1970'li yıllarda, petrol ihraç eden ülkeler teşkilatı OPEC, başta ABD olmak üzere, batılı ülkelerin Ortadoğu politikalarını ve bilhassa Filistin topraklarına yönelik, İsrail'i destekleyici politikalarını cezalandırmak adına, ham petrolün fiyatını pahalılaştırarak cezalandırmaya kalkınca, ABD, o dönemde ödediği ekonomik ve toplumsal, siyasi bedel nedeniyle iki hamle yapmıştı. İlk hamle, New York Emtia Piyasası'nı kurup, OPEC'in petrol fiyatını belirleme gücünü kırmaktı; ki ABD başarılı oldu; İkinci hamle ise, Saddam Hüseyin'in Irak'ını silahlandırıp, önce 10 yıl İran'la savaştırıp, ardından Kuveyt'e saldırmasına göz yumarak, tüm Körfez'e askeri açıdan yerleşip, Suudi Arabistan'ı kendisine daha bağımlı hale getirmek. ABD Kongresi'nde, 11 Eylül 2001'deki terör eylemi nedeniyle ABD Kongresi'nden S. Arabistan aleyhine geçen karardan, Başkan Trump'ın son ziyaretine uzanan süreçte, S. Arabistan'ın ne hale geldiğini gözlemliyoruz. İşte, son 'Kudüs' meselesi.

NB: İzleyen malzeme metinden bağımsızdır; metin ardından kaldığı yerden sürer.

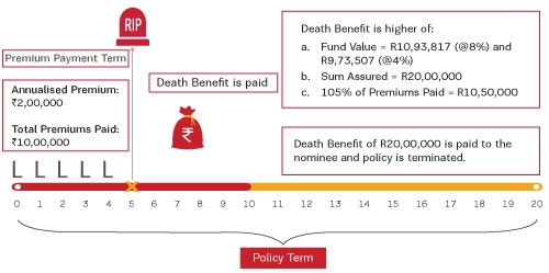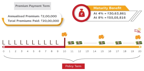 Annualized Premium: Rs. 2,00,000 | Premium Payment Term: 10 years | Policy Term: 20 years | Investment Option: Self-Managed Option | Fund Chosen: Small Cap Fund | Premium Payment Mode: Annual | Sum Assured Multiple: 10X | Sum Assured: Rs. 20,00,000
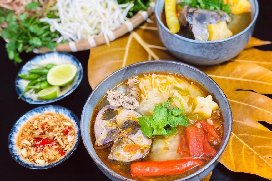 Bún cá ngừ um là một trong những món ăn đặc sản mang đậm hương vị miền biển của Quảng Ngãi. Cá ngừ được chọn là loại cá tươi, thịt chắc, được um kỹ với dứa và gia vị tạo nên vị ngọt thanh, hơi chua và thơm lừng hấp dẫn. Mỗi tô bún là sự kết hợp hài hòa giữa lát cá um mềm ngon, bún tươi trắng mịn, cùng rau sống gồm xà lách, bắp chuối, húng quế và giá đỗ. Điểm nhấn của món ăn còn nằm ở chén nước mắm ớt đậm đà, cay nồng làm tăng thêm phần hấp dẫn. Thưởng thức bún cá ngừ um, thực khách không chỉ cảm nhận được cái tinh tế trong cách chế biến mà còn thấy rõ sự bình dị, thân quen của ẩm thực Quảng Ngãi.
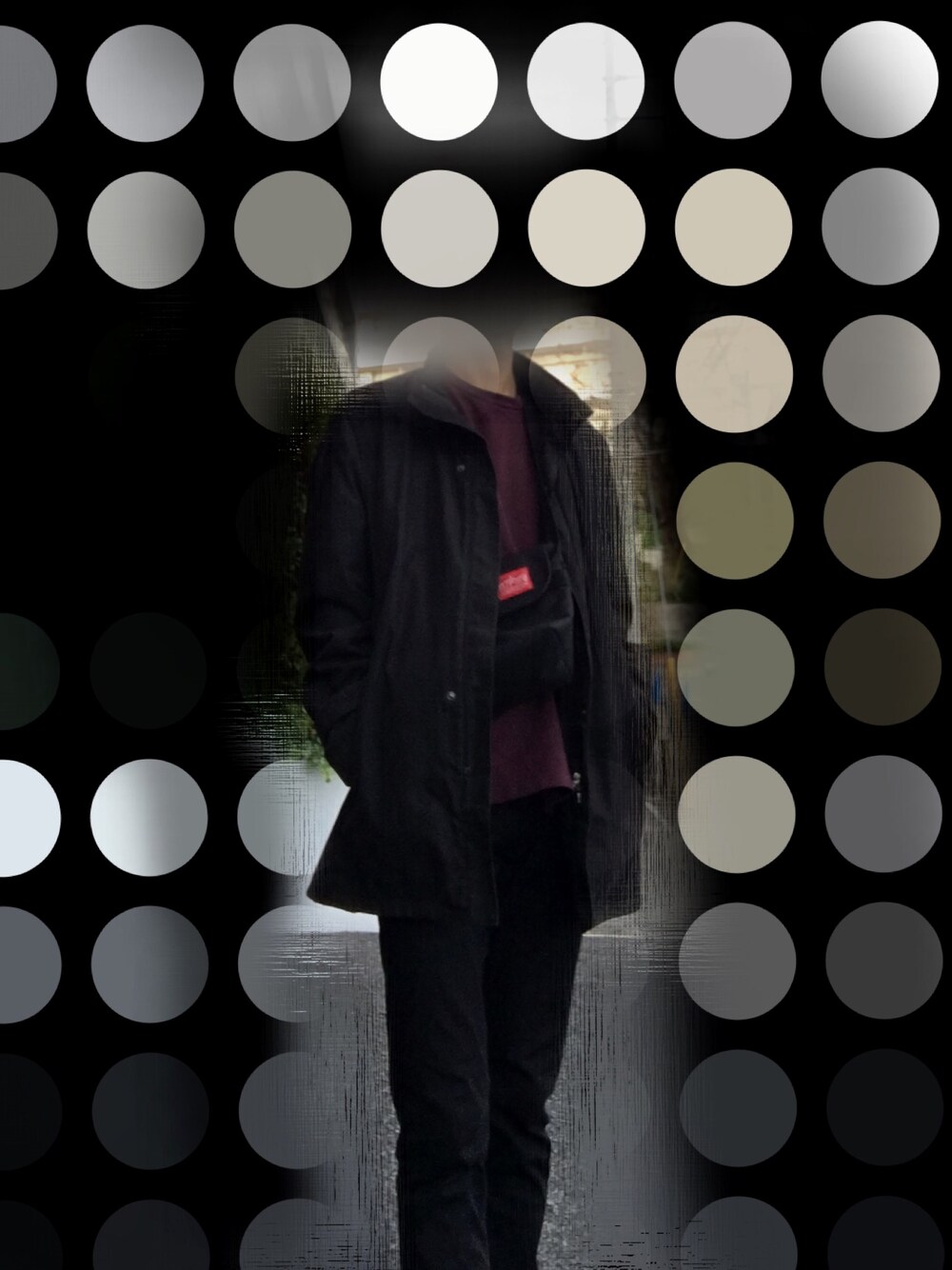 風邪は引いていないですか?大丈夫ですか?寒くなってきているのでコート着るといいですね。全部黒だとダメだと思ったから秋っぽい紫を入れました

ABD, 2000'li yıllarla birlikte, bir noktayı daha yakaladı; fosil yakıtlara yönelik uluslararası kamuoyu tepkisi tırmanarak artıyor; herkes küresel iklim değişikliğinin farkında ve yenilenebilir enerji alanında teknoloji o kadar hızlı ilerliyor, rüzgâr ve güneş enerjisi ile elektrik üretimi o kadar hızlı ucuzluyor ki, 'petrolün 100 yılı' artık tamamlanıyor. Bu da şu anlama geliyor; petrolün devri kapanıyorsa, elindeki rezervi satabildiğin kadar sat. Oysa, ABD 1970'li yılların başında, günde 10 milyon varil petrol üretirken, iki petrol krizi sonrasında, kendi topraklarındaki petrol üretimini kısıp, ihracatı yasaklayıp, Saddam Hüseyin'i idama götüren son Irak operasyonu ile 4 milyon varile kadar çekmişti. 10 yıllık Afganistan ve Irak operasyonu fiyaskosu sonrasında, 2013'te 'kayaç gazı ve petrolü'nü de devreye alarak ve enerji ihracatı yasağını kaldırarak atağa geçti. Şimdi, ABD Enerji Enformasyon İdaresi'nin tahminlerine göre, ABD'nin petrol üretimi Mayıs 2018'de 9.97 milyon varile ulaşarak, S. Arabistan'ı geçecek ve ABD'nin adı 'Saudi America' olacak.
ABD, 1970'lerde ürettiği günlük 10 milyon varili yeniden yakalayıp, önümüzdeki 30 yılda petrol elektrik üretimi ve küresel ulaştırma hizmetlerinde kademe kademe terk edilirken, elindeki rezervlerden 'son vurgun'u yapacak. Bu nedenle, ne Körfez'in, ne Rusya'nın petrol üretimi ve ihracatında daha iddialı olmasını istemiyor. Unutmayın, Katar ablukası ve Kudüs başlıkları ile, Körfez ve İran'ı birbirine düşürür ve Hürmüz Boğazı'ndan günlük 23 milyon varil petrol geçemez ise, dünya petrol ihtiyacını büyük ölçüde ABD'den temin etmek durumunda kalacak.
ABD'nin 'petrolde son vuruş'u hedefleyen stratejisini de göz ardı etmeyelim.